Volume 3, Number 3, May 2003
Conflict Resolver to
Conflict Creator: Thoughts on Writing Mediation Roleplays
Mediators, also known as conflict
resolvers, are trained to help disputants resolve conflicts
by peaceful means. Because mediators are fervent believers
in helping to resolve conflicts, it would seem strange to
have a mediator purposefully create them. But creating conflicts
for study and practice is one of the best ways to train for
I am currently a mediator and assistant case manager for
the Mediation Service of NRC in Detroit, Michigan. I am also
completing my final semester in the Master of Arts in Dispute
Resolution (MADR) Program at Wayne State University (WSU),
also in Detroit, Michigan. I was fortunate to gain employment
in the field before completing my education, and have found
the combination of working in the mediation field and studying
it at the same time quite valuable.
Recently I had an opportunity to write roleplays for use
during a campus mediation training conducted by Dr. Bill Warters.
The roleplays were designed to help prepare the newly emerging
student CPR (Campus Peer Resolution) Team based in WSU’s
Counseling and Psychological Services office. Roleplays are
a significant part of the education process. They play a vital
role in training mediators to help parties consider positions
from the other side. Mediators try to help parties use sympathy
and empathy to understand viewpoints other than their own,
because sometimes parties are so heated over their dispute
that they have lost the ability to apply these qualities in
their particular situation. Mediators play a major role in
guiding disputants to a place where they are receptive to
working with each other instead of against each other. In
the process, roleplay actors playing the disputing parties
experience encouragement to cooperate and collaborate with
each other so that their discussions can be successful. These
are all skills learned through roleplays.
Although I had never written a roleplay before, I felt that
I knew what a good one should include in regards to details
and descriptions. Creating the issues of the dispute so that
they seem as real as possible is important. Including the
right information and the right amount of information is important.
Also, paying attention to gender makes a difference. Since
I have been at Mediation Service, I have learned how to recognize
when a roleplay has the necessary qualities to make a good
dispute. Although the list above is not complete, most of
the roleplays that I have worked with have included those
factors. However, I had to learn through personal experience
that actually writing a good roleplay is hard work.
When I began writing, I reflected on my prior experience
in one of the required classes for the MADR program –
the Practicum in Dispute Resolution. It is in this class where
students learn the actual skills and techniques of mediation.

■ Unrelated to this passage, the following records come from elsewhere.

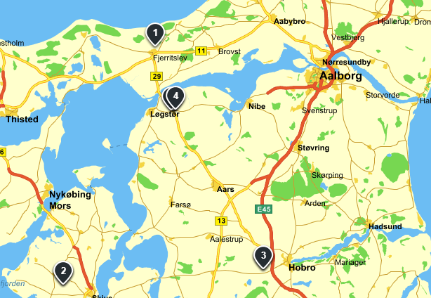 Der er 4 byer i Danmark der hedder Brøndum og de er alle beliggende i Nordjylland (se nedenstående 2 billeder fra Krak.dk).
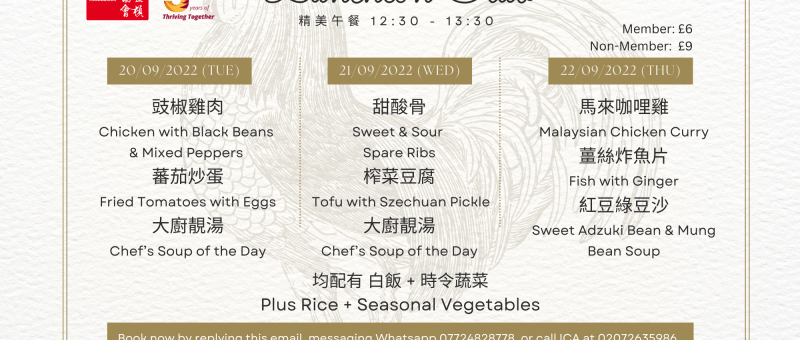 Dear Members: Please see below our lunch menu. Book now by replying to this email, messaging Whatsapp 07724828778, or call ICA at 02072635986. Reservation will be accepted until 11:30am before the lunch. 20/09/2022 (Tue)Chicken with Black Beans & Mixed PeppersFried Tomatoes with EggsSeasonal VegetablesChef’s Soup of the Day 21/09/2022 (Wed)Sweet & Sour Spare RibsTofu with Szechuan PickleSeasonal…
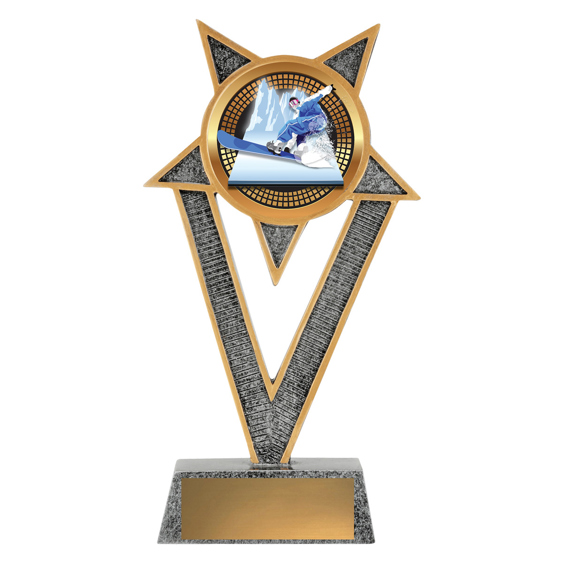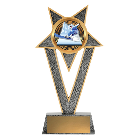 Star inspired trophy series, the Ventura offers prime position for colour insert to represent your sport.
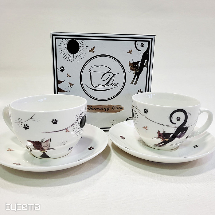 Zwei 280-ml-Tassen und zwei Untertassen sind aus Porzellan. Das gesamte Set ist in einer bedruckten Pappschachtel verpackt.
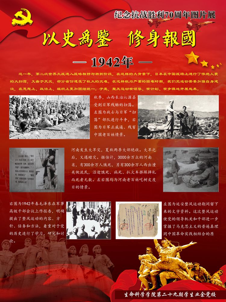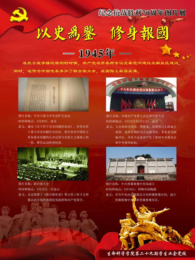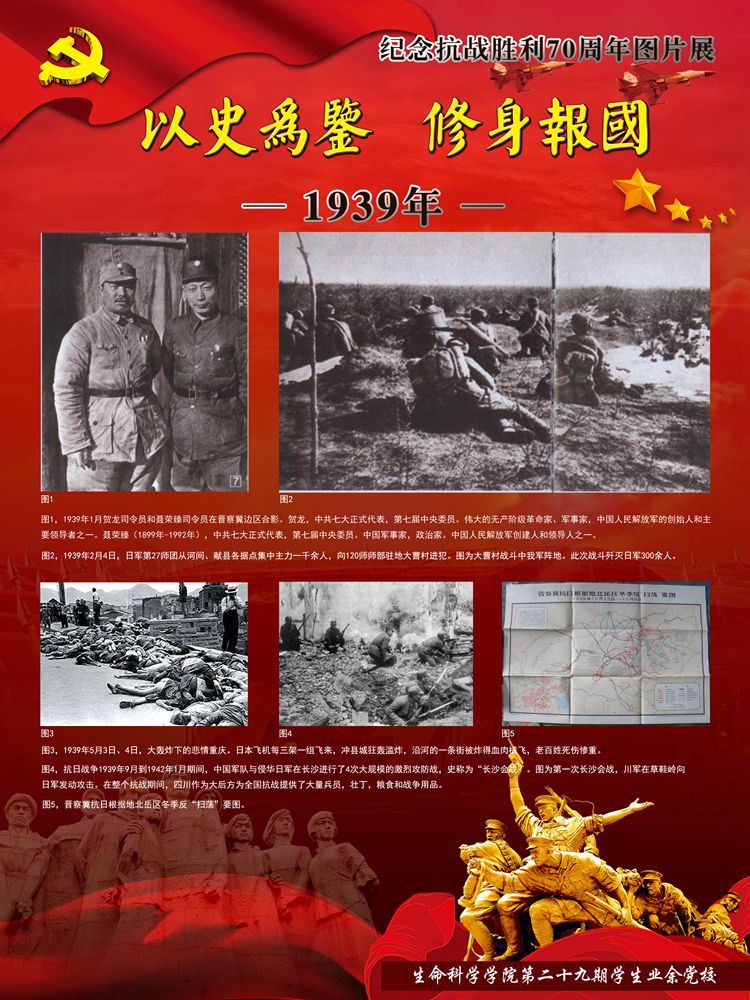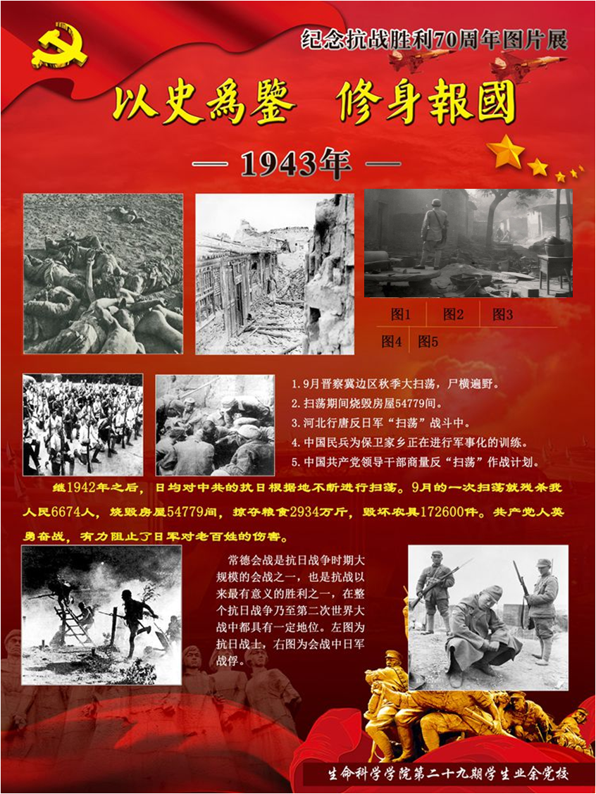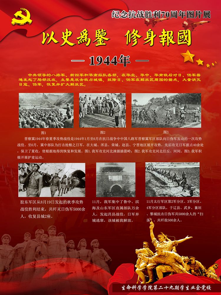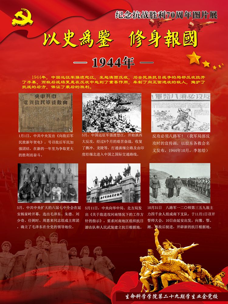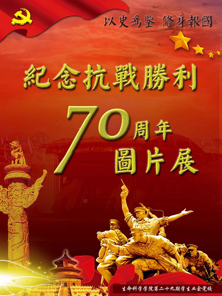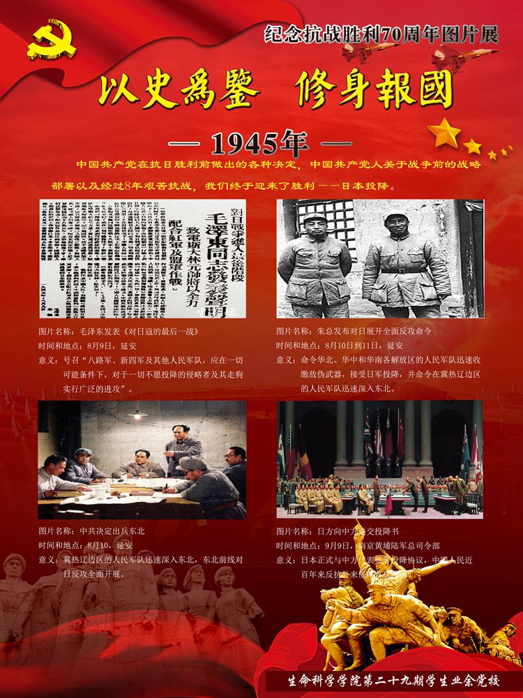 今年是世界反法西斯战争暨中国抗日战争胜利70周年。70年前中国人民经过八年艰苦卓绝的抗日战争,无数英勇军民身先士卒浴血奋战,最终取得了抗战的伟大胜利,为世界反法西斯战争的胜利做出了巨大贡献。70年后的今天虽然没有了硝烟四起的战争,但新时期青年不应该忘却那段历史,更不应该忘记那段历史中共产党人的巨大牺牲。因此yl7703永利集团学生业余党校制作了纪念抗战胜利70周年图片展,带领大家穿越时光的隧道,抚今追昔,饮水思源,缅怀先烈,激励斗志!
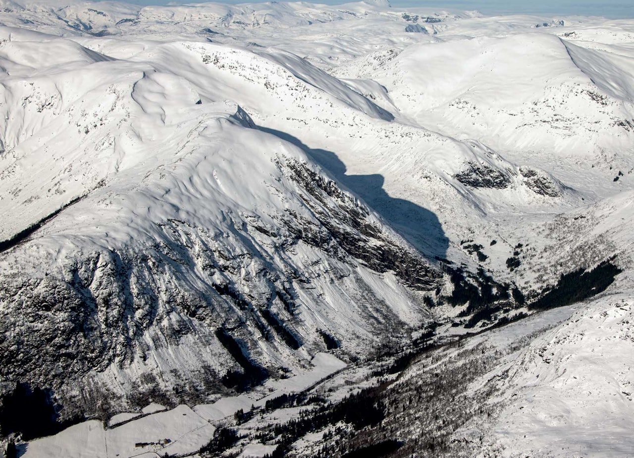 Farar: Langs ryggen frå Trollet og heile vegen til skaret før Syskarnipa legg det seg store skavlar mot Ålhusdalen.

In previous classes, we studied the theories behind the techniques,
but in the practicum, we were able to actually practice the
mediator skills. I thought about the roleplays that were used
in that class. I was somewhat judgmental about them at the
time. I complained that they were too silly, or that they
gave either too much or not enough information. I felt that
a few of them were not realistic or in some other way did
not make sense.
After writing my first roleplay, it did not take long for
me to realize that the roleplays from the practicum were actually
really good. The first roleplay that I wrote for the project
was extremely easy. The words seemed to come to me like magic.
My thoughts flowed like running water and the task seemed
as simple as child’s play. However, every roleplay after
that took lots of time, patience and encouragement to develop.
I did not have difficulty creating a theme for the roleplays,
but what I did find difficult was finding the right combination
of words to make the roleplays seem realistic.